Tuesday, 26 November 2013

Where's all the love gone?

I was horrified this morning to hear this news story:

“Shocking" sexual violence is being carried out by children against other children as young as 11, according to an official report.

The Office of the Children's Commissioner for England said the perpetrators could be 12 or 13, and rape is seen as "normal and inevitable" in some areas, especially among gangs.”

http://www.bbc.co.uk/news/uk-25090896

The news report itself is shocking enough but on TV and radio actors read some of the transcripts from some of the young people interviewed. And those comments are seriously concerning. One in particular horrified me. It was from a teenage boy saying about how he had taken part in a gang rape of a teenage girl. And from the transcript he seemed to think “the girl was asking for it” as she’d already had sex with a number of other boys and so he'd not done anything wrong. Though he added “I suppose you could call it rape”!

According to the news reports I heard, one of the reasons the researchers found for this abuse is the widespread use of on line pornography by the boys carrying out the abuse. (I think we can assume we’re not talking Page 3 pin ups here.) Consequently young boys’ sexual relationships are solely that – relationships based solely on sex. And abusive sex at that. If indeed you could call it relationships.
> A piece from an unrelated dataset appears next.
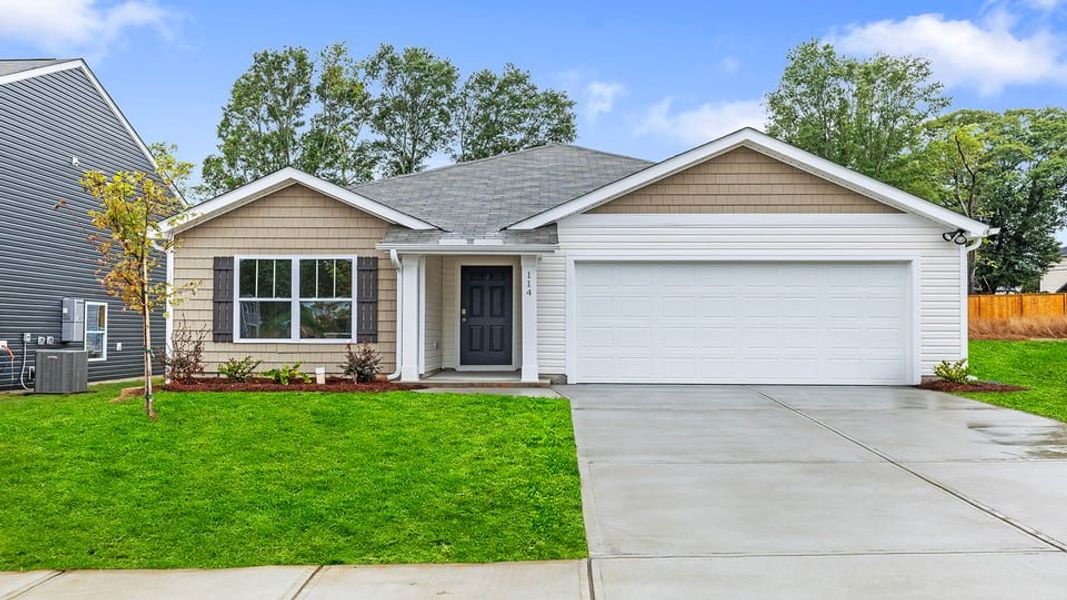 Check out 127 Cades Cove Drive, one of our stunning new homes in Bentley Park. This home is thoughtfully designed with modern living in mind and features a spacious, single-story layout with three bedrooms, two bathrooms, and a two-car garage. When you step inside, you’ll immediately notice the open-concept living space that combines the living room, dining area, and kitchen. The kitchen features stainless steel appliances, a generous pantry, and a large island with a breakfast bar, making it an ideal spot for meal prep or casual meals. The large primary bedroom is a true retreat, complete with a walk-in closet and a luxurious en suite bathroom. The dual vanities, and spacious shower create a spa-like atmosphere, perfect for relaxing after a long day. On the opposite end of the home, you’ll find two additional bedrooms and a secondary bathroom, featuring privacy and convenience. Pictures are representative. At the rear of the home, a covered porch provides a great space for enjoying the outdoors or hosting gatherings. Whether you’re looking to unwind or entertain, this home has something for everyone. Pictures are representative.

So although this is shocking, to me it wasn’t surprising. In part because of a conversation I’d had just last week with a secondary school teacher. The teacher shared with me a situation with a student at school. The girl confided in her form tutor how she’d “been made to do things she didn’t like doing” by a boy. I will spare you the details but it would have been worthy of the report.

What have we come to? And how on earth are we supposed to get children to realise that sex isn’t some video game? Sex is real, it is powerful, it can be wonderful. But it must be founded on love not abuse. And in Christian theology sex is a gift from God who himself is love.

I recognise that the world has moved on over the two generations since the Swinging Sixties (when I suppose people’s views about sex changed dramatically.) And I recognise that sex is no longer seen as something for the marital bed. That mightn’t be right but that is where we are. However, with or without marriage, sex should be an act of two people loving each other. And this report suggests that is a message young people just don’t get.

How on earth do we start to make sure they do?

Sunday, 17 November 2013

Earn all you can, Save all you can, Give all you can

This is the text of a talk I was due to give on BBC Wiltshire on 17th November 2013. As the presenter and I got talking about other things I had to abridge it somewhat.

Last week some people clearly decided to start their Christmas shopping early.

Firstly someone somewhere will find a painting by Francis Bacon of his friend and fellow artist Lucian Freud under their Christmas tree. The painting was sold at auction in New York for $142m (£89m, 106m euros) in New York. The most expensive artwork ever sold

The price eclipsed the $119.9m (£74m) paid for Edvard Munch's The Scream last year.

Secondly A diamond known as the Pink Star has sold for $83m (£52m) at auction in Geneva - a record price for a gemstone. The diamond measures 2.69cm by 2.06cm (1.06 inches by 0.81 inches) and is set on a ring.

The Pink Star was sold to Isaac Wolf, a well-known New York diamond cutter who has renamed it the Pink Dream.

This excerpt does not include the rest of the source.